▶ TASK TO CARRY OUT: Please give back, word for word, only the lines starting at the one containing "samengesteld uit hout, geroest" and ending at the one containing "3. If the scan" within the material below.

▶ PROVIDED DATA:
======

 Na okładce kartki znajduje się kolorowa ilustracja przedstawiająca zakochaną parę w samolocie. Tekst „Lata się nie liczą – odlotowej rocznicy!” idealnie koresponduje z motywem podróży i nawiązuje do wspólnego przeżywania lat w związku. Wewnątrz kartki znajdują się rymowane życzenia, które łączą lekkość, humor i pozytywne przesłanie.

======

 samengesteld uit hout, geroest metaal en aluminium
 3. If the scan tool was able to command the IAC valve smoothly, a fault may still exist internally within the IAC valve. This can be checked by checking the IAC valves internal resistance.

======

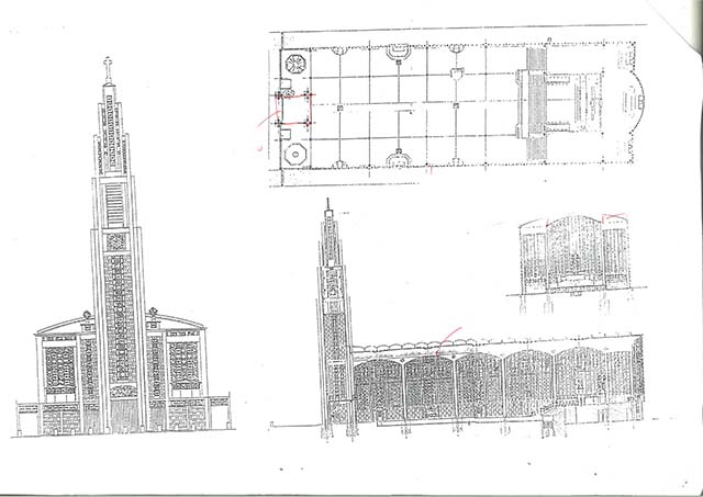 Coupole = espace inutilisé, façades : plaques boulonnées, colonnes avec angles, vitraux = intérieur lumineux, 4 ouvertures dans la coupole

======

▶ YOUR RESPONSE:
 samengesteld uit hout, geroest metaal en aluminium
 3. If the scan tool was able to command the IAC valve smoothly, a fault may still exist internally within the IAC valve. This can be checked by checking the IAC valves internal resistance.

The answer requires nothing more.